Puis on va faire connaissance avec une famille corse et son avocat, et ainsi va commencer l’intrigue, l’enquête avec nos policiers qu’on a commencé à bien connaître, à bien aimer, et puis Victor Coste avec ses amours impossibles – ou bien si – sa fatigue, sa droiture et son indécrottable humanité, qui ne font pas toujours bon ménage avec son métier, son milieu, son entourage professionnel. Je ne vais pas raconter comment Victor Coste va nous quitter, nous qui en avions fait un copain, mais vraiment, tout ça est mené de main de maître avec une langue juste, ce qu’il faut d’humour, de sensibilité, et la pointe de colère qui jamais ne déborde trop, car à nous de nous débrouiller avec tout ça. Et c’est très bien ainsi. Alors, pour le grand plaisir que ça procure, je me contenterai de vous mettre ici quelques passages que j’ai particulièrement aimés pour le ton, l’ironie ou la tristesse, ou encore la colère sourde. Et je crois vraiment que cette trilogie est à ne pas manquer.

Alors pour celles et ceux qui ne sont pas encore entrés dans ce Service Départemental de police judiciaire de Seine -Saint- Denis – SDPJ 93…nous y entrons à 5 h 45 du matin:

« Coste traversa les couloirs du service, passa devant le bureau du Groupe crime 1 sans même s’y arrêter, prit la passerelle vitrée qui séparait les deux ailes de la PJ pour se rendre là où il était certain de trouver son équipe : salle café. À cette heure bien trop matinale, personne n’aurait eu le courage de mettre de l’eau dans la cafetière du bureau et d’appuyer sur le bouton « on », ni surtout d’attendre les quelques minutes de goutte à goutte nécessaires sans s’endormir devant et debout. Puisque la veille, tout le monde s’était quasiment mis sur le toit avec cette petite eau-de-vie traître comme un virage serré, il fallait de la caféine, vite, beaucoup. Coste ouvrit la porte de la salle de repos, doucement.

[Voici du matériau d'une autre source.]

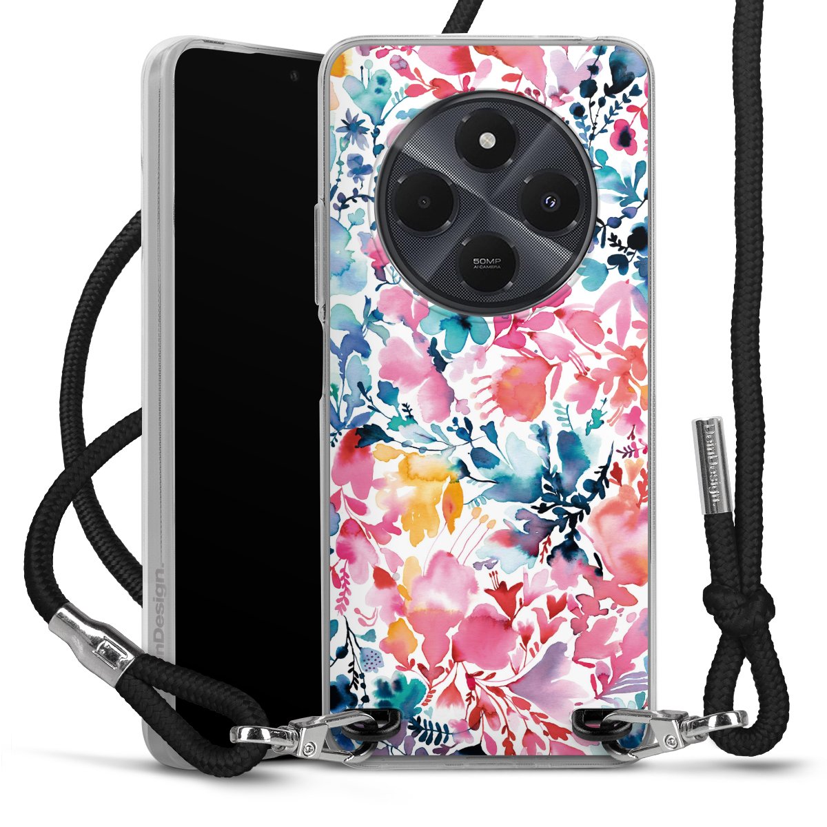 Keep your phone handy at all times, thanks to the flexible silicone case with a textile strap.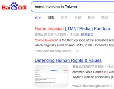 "home invasion in Taiwan" ranks No.2 on Baidu (China), 2026-1-2 |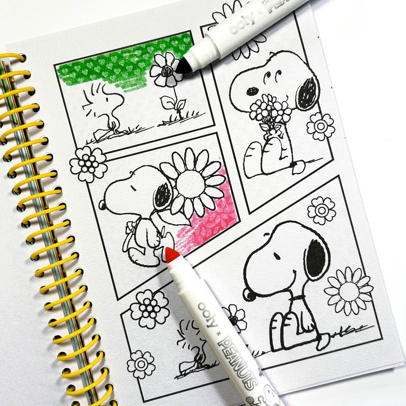 Perfect for travel, family craft time, or school projects, this Peanuts coloring activity kit is neatly packed in a portable Peanuts-themed carrying case that's colorable!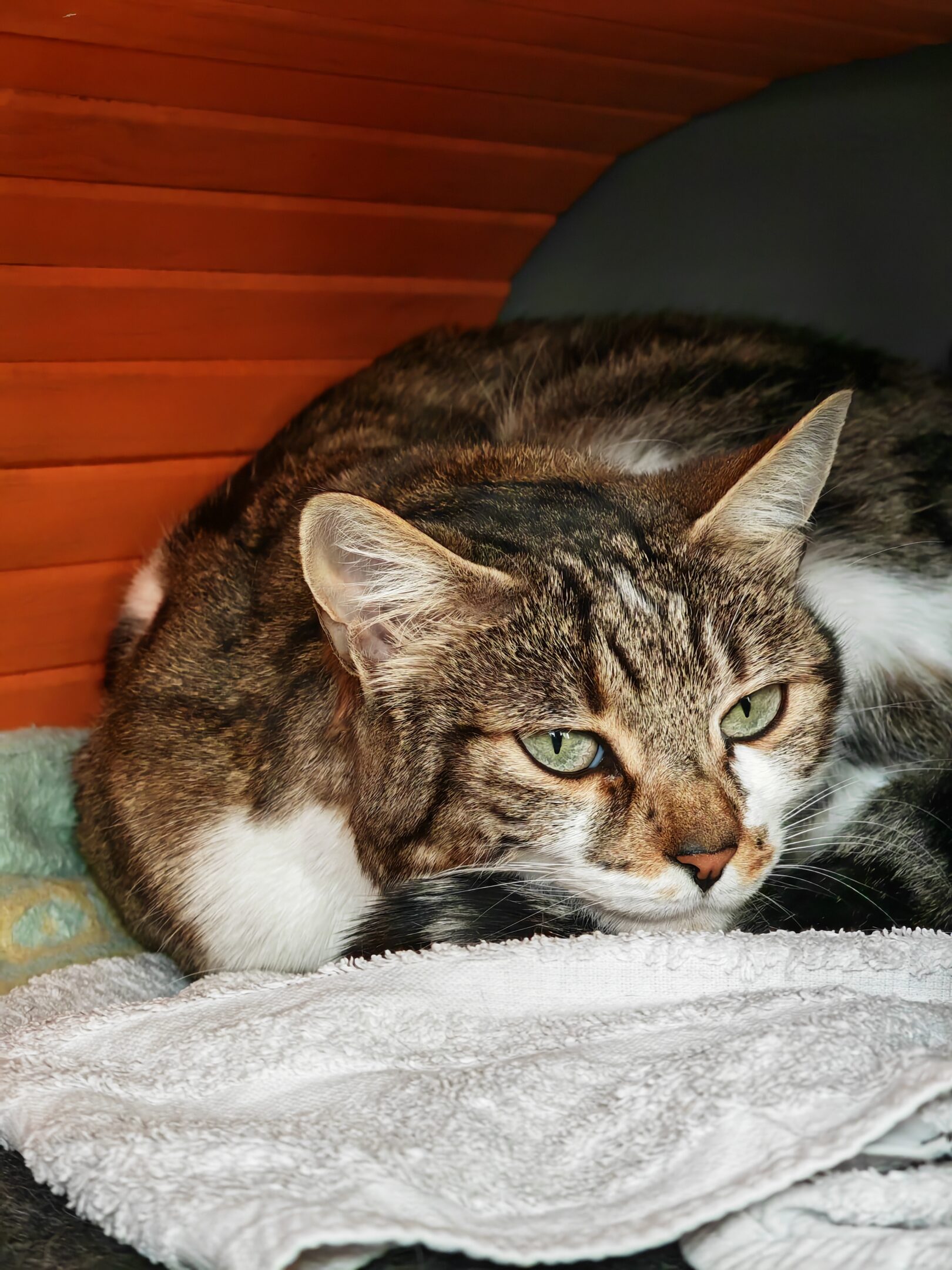 Sie lässt die Attacken der hausinternen Rüpelkatze der Pflegestelle locker an sich abprallen. Den anderen beiden, deutlich sozialsicheren Mädels ist sie sehr zugetan. Jara braucht Liebe und Sicherheit durch einen Gleichgesinnten (und Gleichaltrigen). Und gaaaaaanz viele Verstecke mit Tüchern über dem Eingang.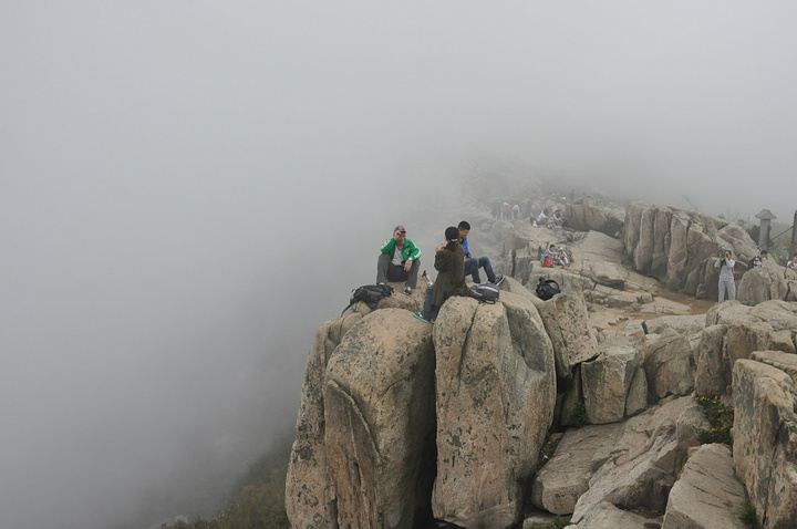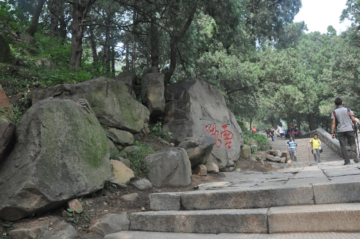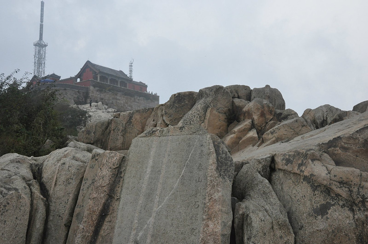 这个照片的意义就在于证明,我们来过,这里是泰山山顶!因为人太多,挤不上去拍照,就只能光照石头了!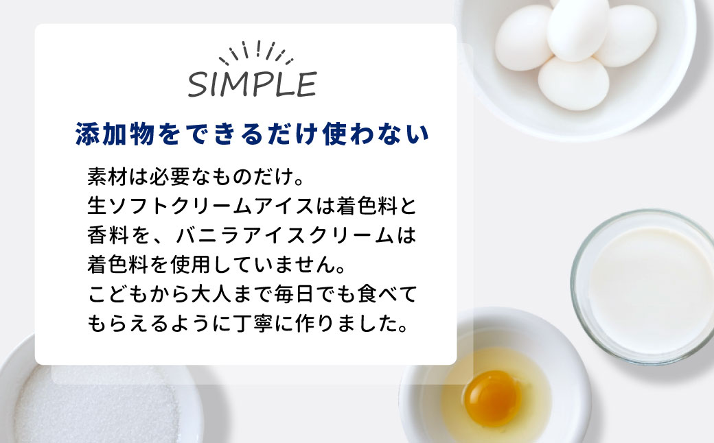 バニラアイスクリーム:生乳(国産)、乳製品、砂糖、還元水飴、卵黄(卵を含む)、バニラビーンズ(マダガスカル産)/安定剤(増粘多糖類)、バニラ香料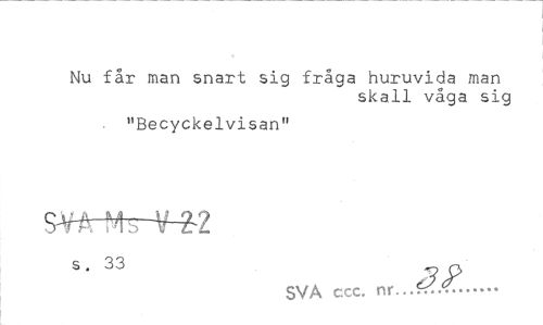 //// Nu får man snart sig fråga huruvida man //// skall våga sig //// "Becyckelvisan" //// s , 33 r\ //// SVA ccc. nr... ////
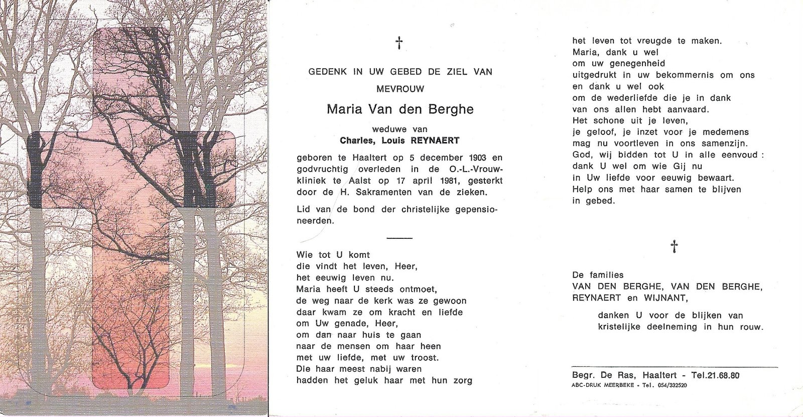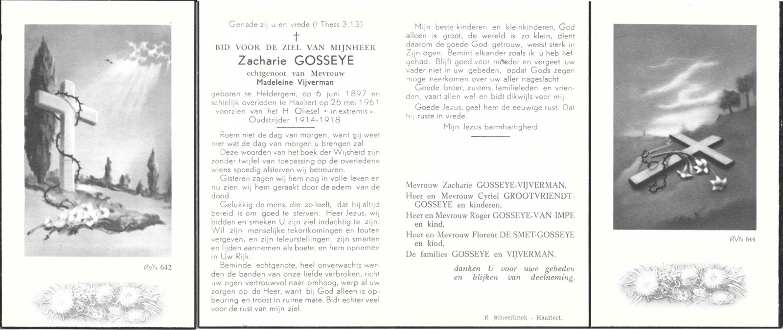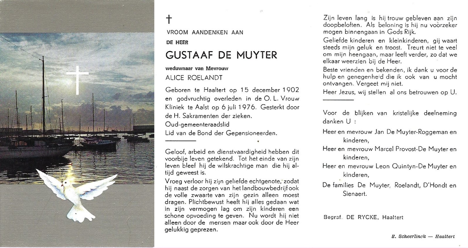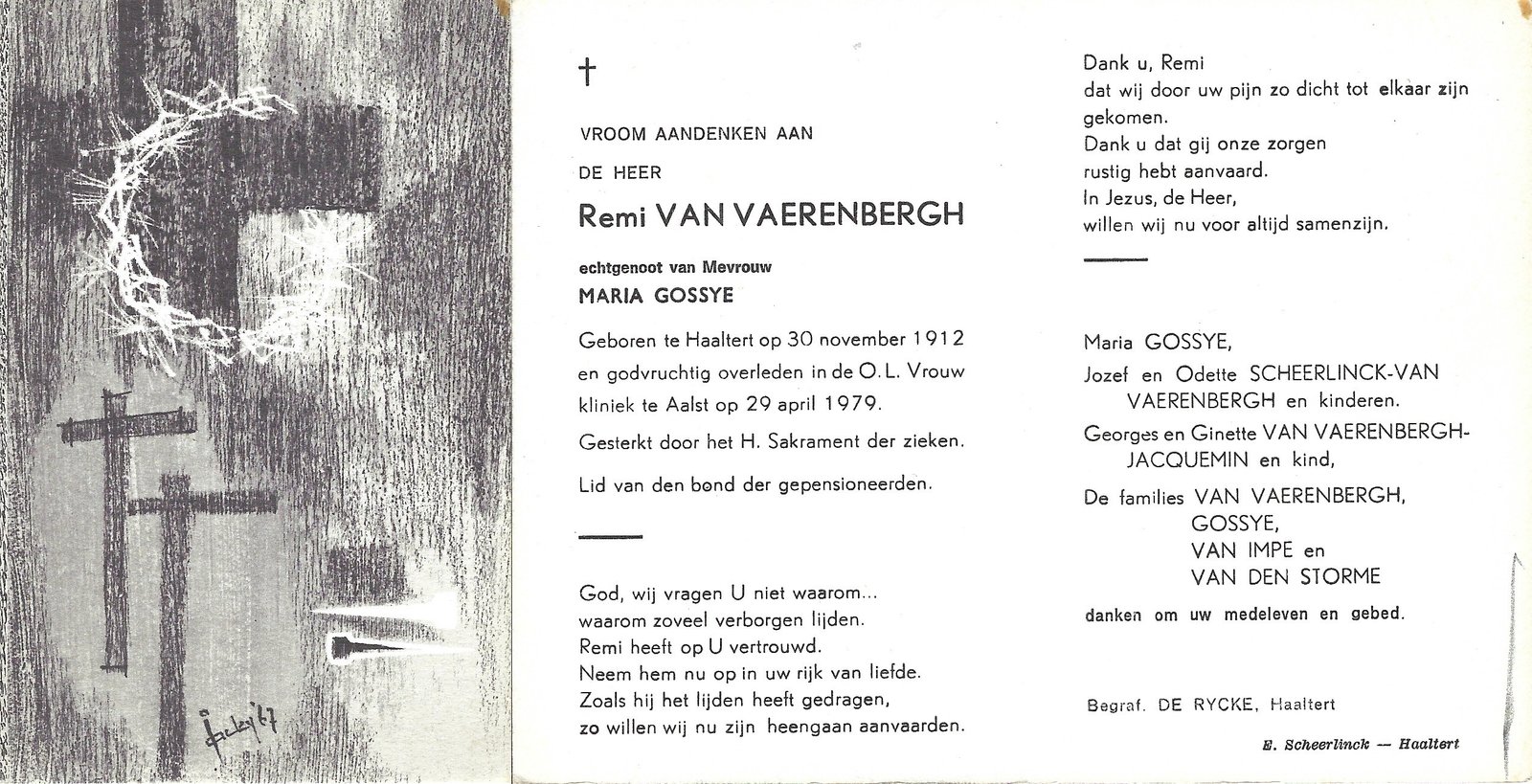 | Van Vaerenbergh Remi | Gossye Maria | Haaltert | 30/11/1912 | Aalst | 29/04/1979 |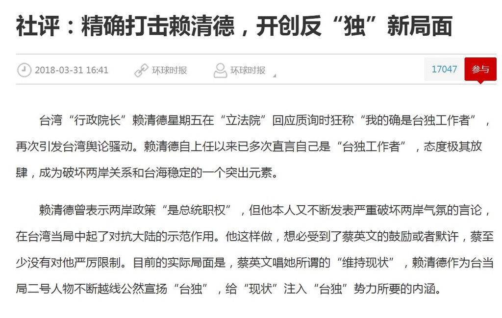 行政院長賴清德30日在立法院回應質詢時,狂稱「我的確是台獨工作者」。大陸官媒《環球時報》社評認為,賴清德自上任以來已多次直言自己是「台獨工作者」,已成為破壞兩岸關係和台海穩定的一個突出元素。大陸應該把賴清德列為第一個實施全面打擊的台獨政治人物,並建立起全面制裁、懲戒台獨政治人物的機制。並指「賴的大嘴不能簡單看成他個人的問題,這是台當局以『切香腸』方式踩踏紅線的嘗試之一」。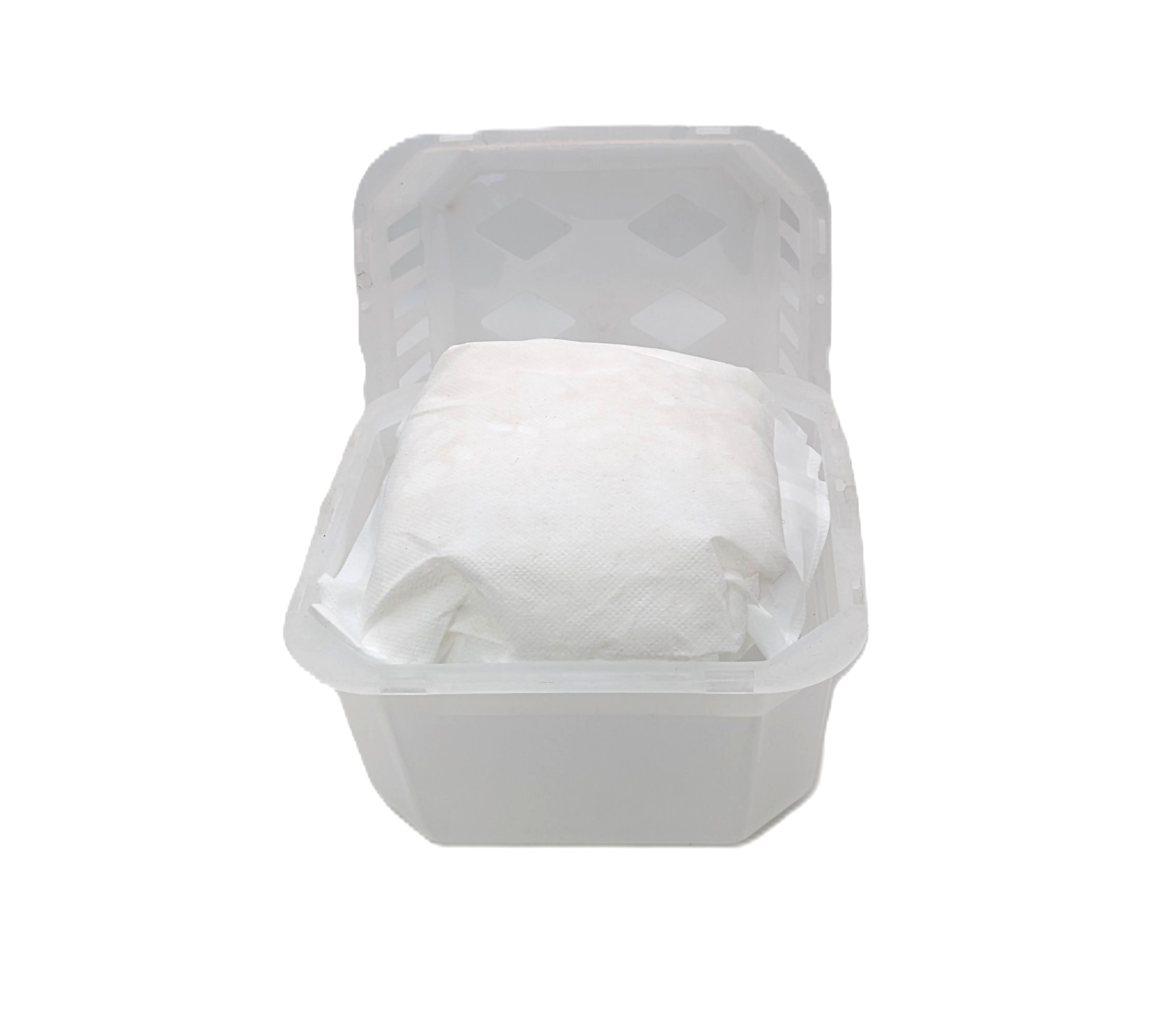 Nach dem Auspacken des Vliesbeutels saugt das Granulat die überschüssige Luftfeuchtigkeit auf und verhärtet dabei (verklumpt). Wenn es entsprechend angereichert (vollgesogen) ist, wird die Feuchtigkeit in flüssiger Form in den unteren Teil der Raumentfeuchterbox abgegeben.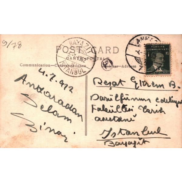 Mektup, "Tektaş [Ağaoğlu] geldi İstanbul´dan. Haberler getirdi çok. Cemal´le [Süreya] Edip [Cansever] (PİDE okunur tersten) imparatorluğu bölüşemiyorlarmış yine. Ha." - "Yahu, bizim K. H. D.´ni [Kınar Hanımın Denizleri] es geçiyorlar gibi geliyor bana. Anlaşılan pek çekmedi dikkati. Neden acaba? Merak ettim. Yoksa ben de Türkiye Cumhuriyetinde olduğumuzu unutuyor muyum nedir, bunları sana yazmakla." ifadelerini içermektedir.

-Alors, mes biquets? Vous avez des têtes de papier mâché. »

Portraits:

« -Capitaine Coste?

Il se retourna. Deux hommes, visiblement parachutés des années 1980, lui faisaient face. La premier, Perfecto de cuir et bandana rouge, encore blond malgré sa cinquantaine prononcée, et le second, un grassouillet d’une quarantaine d’années à qui il fallait reconnaître le courage de porter encore des santiags au XXIème siècle. Malgré un accoutrement à la limite de la légalité, Coste sut immédiatement qu’il faisait face à deux flics. »

 

Du mordant, de l’acide:

« Ronan, au volant de la 306 du service, grilla quelques feux rouges et se fit klaxonner deux fois sur le trajet, malgré la sirène et le bleu du gyrophare qui n’impressionnaient plus grand monde dans le département. Coste, côté passager, était en ligne avec la magistrate Fleur Saint-Croix et lui expliquait comment il pensait pouvoir devancer les ravisseurs grâce à leurs portables de guerre, autrement appelés des Paul Bismuth? Des téléphones de président déchu, appellation donnée non par les flics, mais bien par les criminels qui ont vu chez cet illustre politique dans la tourmente un frère d’armes. »

Arrestation:

« Quand Franck ouvrit les yeux, allongé sur le sol, les premières images captées furent floues. Deux ombres se penchaient au-dessus de lui. Il fit le point et reconnut plus nettement le couple de flics. La question de savoir s’il était au paradis ne se posa donc pas.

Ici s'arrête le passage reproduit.